Secondly - the sample guidelines mentioned in Readme (8-10 seconds long, 0.5 seconds of silence at the beginning and end, not much silence in the middle of sample) - does this apply to Speech mode too, or should the alignment and voice detection of speech mode handle audio with delay, and with a lot of silence in the sample?
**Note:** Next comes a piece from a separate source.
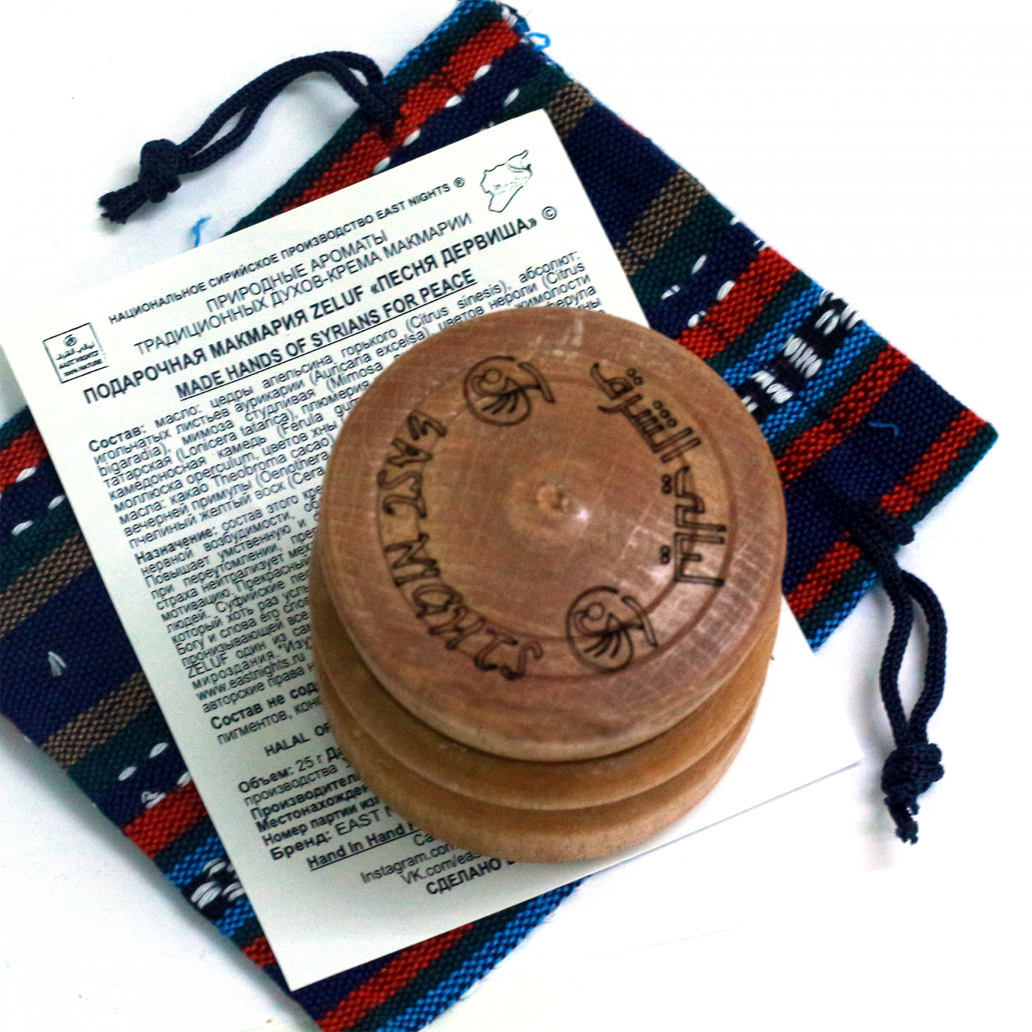 Состав масло: цедры апельсина горького, абсолют: игольчатых листьев аурикарии, цветов нероли, мимозы студливой, цветов жимолости татарской, плюмерии красной, ферулы камедоносной камедь, настой створок раковины моллюска operculum, цветов хны; нерафинированные твердые масла: какао, косточек манго, сеямн вечерней примулы, карите, пчелиный желтый воск

An example of a samples that I am currently trying to use with Visqol: View from audacity:
Visqol Speech mode output MOS-LQO: 2.52259
| FVNSIM | Freq Band |
| 0.377030 | 50.000Hz | | 0.476088 | 98.767Hz | | 0.459481 | 156.063Hz | | 0.763644 | 223.380Hz | | 0.835369 | 302.471Hz | | 0.923244 | 395.394Hz | | 0.926039 | 504.570Hz | | 0.903042 | 632.839Hz | | 0.884796 | 783.543Hz | | 0.844095 | 960.604Hz | | 0.841896 | 1168.633Hz | | 0.866645 | 1413.046Hz | | 0.860731 | 1700.205Hz | | 0.856387 | 2037.587Hz | | 0.825984 | 2433.977Hz | | 0.823645 | 2899.694Hz | | 0.745470 | 3446.863Hz | | 0.706072 | 4089.731Hz | | 0.700011 | 4845.034Hz | | 0.635031 | 5732.437Hz | | 0.547395 | 6775.044Hz |
| Patch Idx | Similarity | Ref Patch: Start - End | Deg Patch: Start - End |
| 0 | 1.000000 | 0.180 - 0.580 | 1.440 - 1.840 | | 1 | 0.764560 | 2.181 - 2.580 | 2.180 - 2.579 | | 2 | 0.772817 | 2.580 - 2.980 | 2.580 - 2.980 | | 3 | 0.843457 | 3.780 - 4.180 | 3.780 - 4.180 | | 4 | 0.814809 | 4.180 - 4.580 | 4.180 - 4.580 | | 5 | 0.780449 | 4.580 - 4.980 | 4.580 - 4.980 | | 6 | 0.699916 | 5.380 - 5.780 | 5.380 - 5.780 | | 7 | 0.773998 | 5.781 - 6.180 | 5.780 - 6.179 | | 8 | 0.693399 | 6.181 - 6.580 | 6.180 - 6.579 | | 9 | 0.529567 | 6.580 - 6.980 | 6.560 - 6.960 | | 10 | 0.728254 | 8.180 - 8.580 | 8.180 - 8.580 | | 11 | 0.673384 | 8.580 - 8.980 | 8.580 - 8.980 | | 12 | 0.707640 | 8.980 - 9.380 | 8.980 - 9.380 |
For reference, Visqol Audio mode output: MOS-LQO: 3.41303
| FVNSIM | Freq Band |
| 0.533289 | 50.000Hz | | 0.544615 | 91.748Hz | | 0.645831 | 139.746Hz | | 0.804246 | 194.931Hz | | 0.902527 | 258.379Hz | | 0.936618 | 331.326Hz | | 0.961259 | 415.195Hz | | 0.957324 | 511.621Hz | | 0.950879 | 622.484Hz | | 0.941872 | 749.946Hz | | 0.922163 | 896.492Hz | | 0.927609 | 1064.979Hz | | 0.931144 | 1258.694Hz | | 0.944402 | 1481.411Hz | | 0.929926 | 1737.475Hz | | 0.933558 | 2031.877Hz | | 0.926355 | 2370.358Hz | | 0.924536 | 2759.518Hz | | 0.879479 | 3206.945Hz | | 0.863854 | 3721.361Hz | | 0.881097 | 4312.798Hz | | 0.862002 | 4992.786Hz | | 0.802238 | 5774.585Hz | | 0.704898 | 6673.438Hz | | 0.588221 | 7706.870Hz | | 0.578189 | 8895.030Hz | | 0.593581 | 10261.087Hz | | 0.599670 | 11831.674Hz | | 0.602659 | 13637.414Hz | | 0.621666 | 15713.517Hz | | 0.694320 | 18100.460Hz | | 0.786449 | 20844.785Hz |
| Patch Idx | Similarity | Ref Patch: Start - End | Deg Patch: Start - End |
| 0 | 1.000000 | 0.280 - 0.880 | 1.200 - 1.800 | | 1 | 1.000000 | 0.880 - 1.480 | 1.220 - 1.820 | | 2 | 1.000000 | 1.480 - 2.079 | 1.241 - 1.840 | | 3 | 0.681553 | 2.081 - 2.680 | 2.080 - 2.679 | | 4 | 0.632587 | 2.680 - 3.280 | 2.680 - 3.280 | | 5 | 0.891469 | 3.280 - 3.880 | 3.280 - 3.880 | | 6 | 0.648068 | 3.880 - 4.480 | 3.880 - 4.480 | | 7 | 0.681742 | 4.480 - 5.080 | 4.480 - 5.080 | | 8 | 0.599973 | 5.080 - 5.680 | 5.080 - 5.680 | | 9 | 0.611158 | 5.681 - 6.280 | 5.680 - 6.279 | | 10 | 0.511901 | 6.280 - 6.880 | 6.280 - 6.880 | | 11 | 0.938552 | 6.880 - 7.480 | 6.880 - 7.480 | | 12 | 0.884550 | 7.480 - 8.075 | 7.505 - 8.100 | | 13 | 0.611468 | 8.080 - 8.678 | 8.082 - 8.680 | | 14 | 0.567279 | 8.680 - 9.280 | 8.680 - 9.280 | | 15 | 0.990090 | 9.280 - 9.880 | 10.420 - 11.020 | | 16 | 1.000000 | 9.880 - 10.480 | 10.440 - 11.040 | | 17 | 1.000000 | 10.482 - 11.080 | 10.460 - 11.058 | | 18 | 0.995017 | 11.080 - 11.649 | 10.591 - 11.160 |
The audio sample itself a voice recording. Essentially, what I am trying to figure out, is - could feeding Visqol Voice samples with delay and a lot of silence be the culprit behind questionable scores we've been getting, or should we look for problems elsewhere.